| WHAT IS BEING ASKED |
From the first line of the listing below to the line containing "Kaza, saat 23.30", write out everything exactly. No pictures.

| INFORMATION SHOWN |
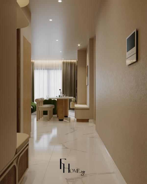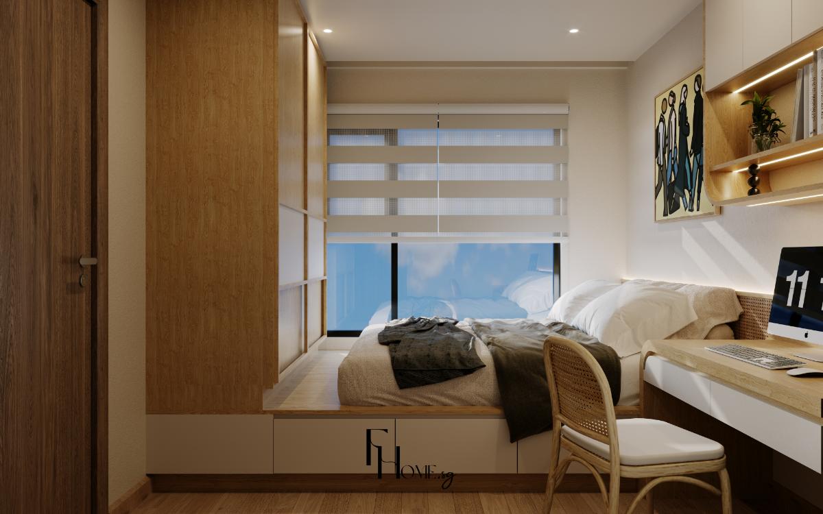 • Sản xuất: Các hạng mục nội thất như hệ tủ liên hoàn, giường tầng kết hợp khu vui chơi và vách trang trí tạo hình vòm được đo đạc, gia công chính xác và kiểm soát chất lượng nghiêm ngặt trực tiếp tại xưởng FHome.sg.
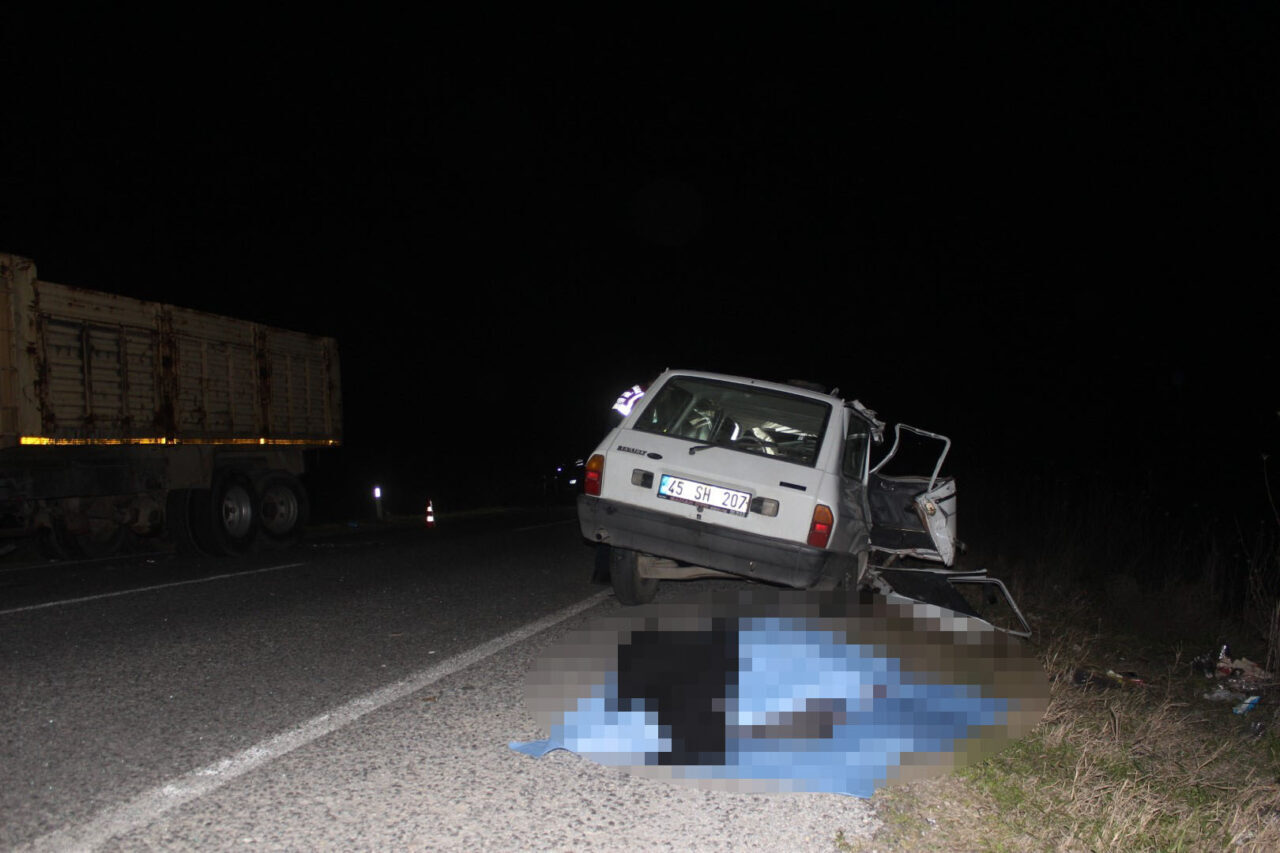 Kaza, saat 23.30 sıralarında Salihli-Köprübaşı Karayolu Taytan Mahallesi Bezirganlı mevkisinde meydana geldi. Salihli’den Köprübaşı istikametine giden Y.E. (72) yönetimindeki 45 SH 207 plakalı otomobil, arıza nedeniyle yolun sağında park halinde bulunan ve sürücüsü belirlenemeyen 35 T 1262 plakalı kamyona arkadan çarptı. Çevredeki diğer sürücülerin ihbarı üzerine olay yerine sağlık, itfaiye ve jandarma ekipleri sevk edildi. Bölgeye gelen Manisa Büyükşehir İtfaiye Dairesi Başkanlığına bağlı ekipler, otomobilde sıkışan 3 kişiyi bulunduğu yerden çıkardı. Sağlık ekiplerinin yaptığı kontrolde otomobildeki yolculardan Menekşe Ertuğrul’un (70) hayatını kaybettiği, sürücü Y.E. ile D.S. (45) ve H.Ş.S.’nin (6) yaralandığı belirlendi. Yapılan ilk müdahalenin ardından Salihli Devlet Hastanesi ile özel hastanelere kaldırılan yaralılardan sürücü Y.E. ile H.Ş.S.’nin hayati tehlikesinin bulunduğu öğrenildi. Kazada olay yerinde hayatını kaybeden Menekşe Ertuğrul cenazesi Salihli Devlet Hastanesine kaldırıldı.
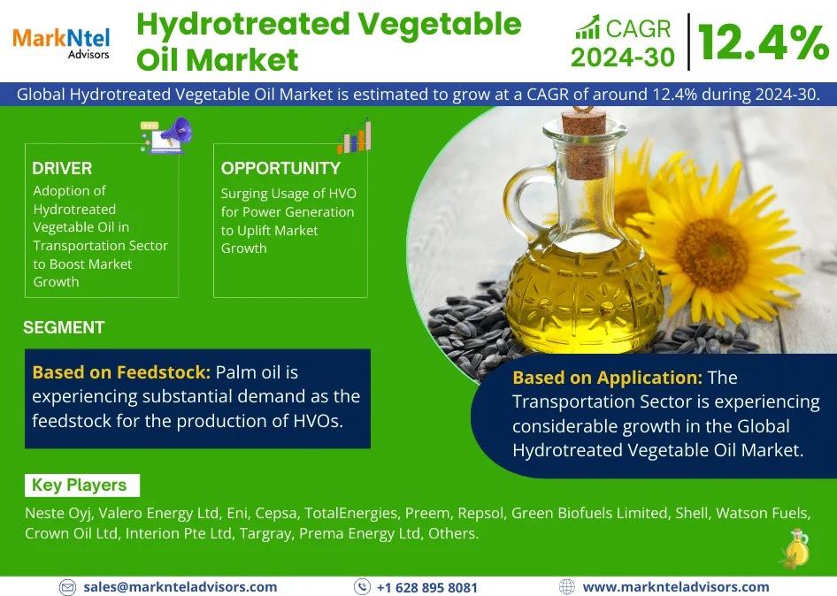MarkNtel Advisors, a leading market research and consulting firm, has announced the release of its latest study titled Hydrotreated Vegetable Oil (HVO) Market Research Report: Forecast (2024–2030). This report provides a detailed assessment of the Hydrotreated Vegetable Oil (HVO), covering its evolving dynamics, emerging trends, key growth drivers, major challenges, and competitive landscape.
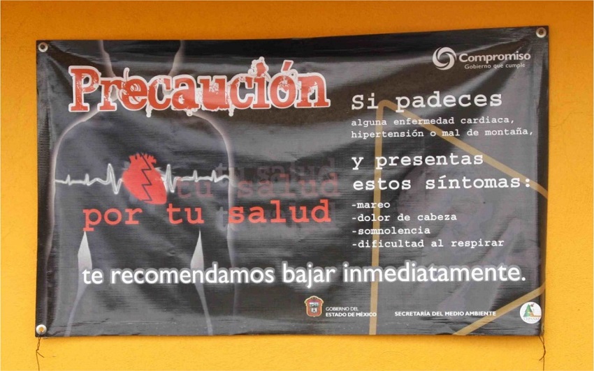 The next morning, after about an hour’s wait, the journey begins in the minibus. We travel for more than an hour, leave Toluca and climb up the side of a mountain. The weather changes and the sunny sky gives way to threatening grey clouds. The minibus stops in front of a sign indicating the destination El Parque del Nevado de Toluca. We walk on, the rain soon turns to snow. The shaman walks at a fast pace at the head of the group. The women follow him with difficulty. After a few kilometres of walking, we arrive at the entrance of the park, where there is a hut with some guards and drinks for sale. The shaman, excited, describes the day’s programme, which consists of walking to the top of the Nevado, where there is the crater of an extinct volcano which, over the millennia, has given way to two lagoons, El Sol and La Luna. As the man enthusiastically encourages us to admire the arid, mountainous landscape, we notice that one of the women, Claude, is missing. She limps in, staggering. She eventually joins the group, but she is clearly in trouble. Her face is pale and she is breathing heavily. Her chest hurts and she finds it difficult to speak. The shaman continues the walk. Jeanne and I decide to stop at the hut with Claude, who obviously can’t go any further. We are at 3,600 meters of altitude and an eloquent sign from the Mexican government warns against the dangers of the high mountains, advising us to come down at the slightest symptom of altitude sickness: mareo, dolor de cabeza, somnolencia, dificultad al respirar... (Figure 5) Claude wants to go home, and asks the shaman’s father-in-law if she can’t be taken home. The driver, embarrassed, replies that it would be better to wait for the shaman with the other members of the group, and then leave together. Claude, resigned, says that this is certainly an important test for her and that she must find the strength to overcome it. She tries to concentrate on her breathing, to stay focused on herself. She says that there are Indian yogi masters who succeed through their discipline in slowing down the heartbeat until it stops, by sheer force of will. She sits and breathes, trying to find a more appropriate rhythm. An hour passes and the man comes down with the other four women. Aurélie is excited; she talks about the beauty of the lagoons, the masculine and feminine energy she felt in the depths of her being, the vibrations of the drum that beat in unison with her heart.

| EXERCISE RESPONSE |
 • Sản xuất: Các hạng mục nội thất như hệ tủ liên hoàn, giường tầng kết hợp khu vui chơi và vách trang trí tạo hình vòm được đo đạc, gia công chính xác và kiểm soát chất lượng nghiêm ngặt trực tiếp tại xưởng FHome.sg.
 Kaza, saat 23.30 sıralarında Salihli-Köprübaşı Karayolu Taytan Mahallesi Bezirganlı mevkisinde meydana geldi. Salihli’den Köprübaşı istikametine giden Y.E. (72) yönetimindeki 45 SH 207 plakalı otomobil, arıza nedeniyle yolun sağında park halinde bulunan ve sürücüsü belirlenemeyen 35 T 1262 plakalı kamyona arkadan çarptı. Çevredeki diğer sürücülerin ihbarı üzerine olay yerine sağlık, itfaiye ve jandarma ekipleri sevk edildi. Bölgeye gelen Manisa Büyükşehir İtfaiye Dairesi Başkanlığına bağlı ekipler, otomobilde sıkışan 3 kişiyi bulunduğu yerden çıkardı. Sağlık ekiplerinin yaptığı kontrolde otomobildeki yolculardan Menekşe Ertuğrul’un (70) hayatını kaybettiği, sürücü Y.E. ile D.S. (45) ve H.Ş.S.’nin (6) yaralandığı belirlendi. Yapılan ilk müdahalenin ardından Salihli Devlet Hastanesi ile özel hastanelere kaldırılan yaralılardan sürücü Y.E. ile H.Ş.S.’nin hayati tehlikesinin bulunduğu öğrenildi. Kazada olay yerinde hayatını kaybeden Menekşe Ertuğrul cenazesi Salihli Devlet Hastanesine kaldırıldı.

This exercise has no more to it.